Один из наглядных примеров всемогущества денежного интереса, который преодолевает все политические препоны — это известная история отношений Москвы с американским «Фордом». Уже в 26-м году на колхозных полях Поволжья и даже Сибири, появились американские гости — трактора «Фардзон». Причем, что интересно, в данном случае оплата была произведена не наличными, а в рамках долгосрочного кредита, что для США по тем временам было большой редкостью. То есть, и Москва и сам Форд явно настраивались на долгосрочное сотрудничество. Так оно и произошло — «Форд» не только поставил СССР 20 тысяч тракторов, но и помог построить, с использованием новейших по тем временам технологий, Горьковский автомобильный завод, автогигант социалистической экономики.

Позже примерное повторилось с итальянцами — вспомним ВАЗ и легендарную «Копейку», правда, и этот момент точечной модернизации ни советской экономике в целом, ни отечественному автопарому в частности, как мы знаем, не помог.

А ведь был еще и Арманд Хаммер, или, точнее, семейство Хаммеров, чье богатство родилось на базе сотрудничества с СССР. Еще папа Джулиус в 1921 г. подписал с Наркоматом внешней торговли договор о поставке в Россию одного миллиона бушелей пшеницы в обмен на пушнину, черную икру и экспроприированные большевиками драгоценности, хранившиеся в Гохране. В 1922 г. была создана русско-американская Индустриальная корпорация, которой было переданы 6 текстильных и швейных фабрик в Петрограде и 4 в Москве.

Но в целом в тот период преобладали все же концессии. В 1926—1927 гг. насчитывалось 117 подобных соглашений страны Советов с западными дельцами, причем удельный вес концессионных предприятий и смешанных акционерных обществ, в которых иностранцы владели частью пая, был значителен: в добыче свинца и серебра — 60%, марганцевой руды — 85% ,золота — 30.

Своеобразной инвестицией в социализм можно считать и «Ленд-лиз» эпохи Второй мировой войны. Во времена строительства нефтепровода «Дружба» расцвел бартер: западные немцы поставляли нам более миллиона труб в год, а мы им нефть. Не без помощи запада СССР готовился и к Олимпиаде-80, — здесь главную роль играли финны . Наконец, даже в голодные горбачевские годы, спасаясь от социалистических граждан, Запад инвестировал в умиравший СССР товары народного потребления.

Иначе говоря, идея изоляции Советского Союза оказалась невыгодной — ни коммунистам, ни капиталистам.

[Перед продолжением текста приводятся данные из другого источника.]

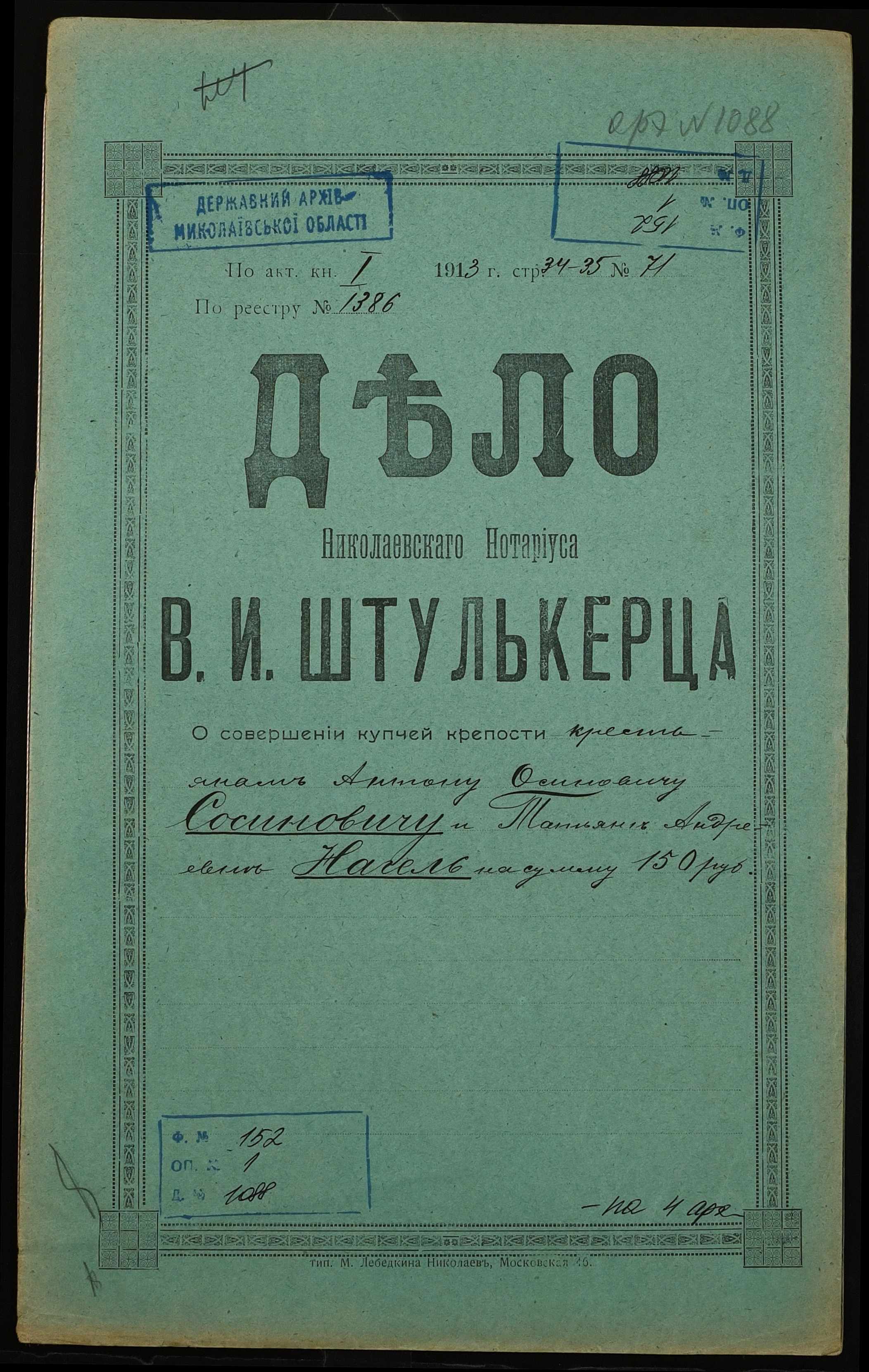 ◦ ◦ Фонд № 152 “Контора миколаївського нотаріуса Херсонського окружного суду Штулькерца Володимира Ісааковича”

В. Рыжков — Я бы к этому добавил историческую справку интересную — даже некоторые лидеры запада в 20-е гг. вполне положительно воспринимали политику НЭПа, в том числе, политику концессий. В частности, премьер-министр Ллойд Джордж и канцлер Веймарской Германии Вирт говорили: а что плохого? Мы будем инвестировать деньги, технологии, а СССР будет нам поставлять марганец, свинец, золото, пшеницу и другие нужные нам товары. Кстати, эта риторика очень похожа на наш нынешний диалог с тем же Евросоюзом, когда мы говорим: мы вам сырье, вы нам технологии, — взаимовыгодное сотрудничество.

В. Дымарский — действительно, все очень похоже, Поэтому вопрос — получается, что наша экономика, что советская, социалистическая, что нынешняя, капиталистическая — она не может обойтись без иностранных инвестиций, или без иностранцев вообще?

В. Рыжков — Я бы еще царскую Россию добавил — в конце 19 века были гигантские инвестиции.

И. Юргенс — А можно встречный вопрос? Дымарский и Рыжков умные люди — это вся страна знает, — а какая экономика может обойтись без иностранных инвестиций?

В. Рыжков — Северная Корея — Чу Чхе.

И. Юргенс — 60% того, что ввозят себе американцы, они ввозят откуда? Поэтому ни одна экономика мира не может обойтись без иностранных инвестиций. Наша тем более. Потому что если мы говорим о таком модном слове, как модернизация, о модности которого надо особо поговорить сегодня, потому что мне кажется, что это все больше мода, и все меньше практические проекты.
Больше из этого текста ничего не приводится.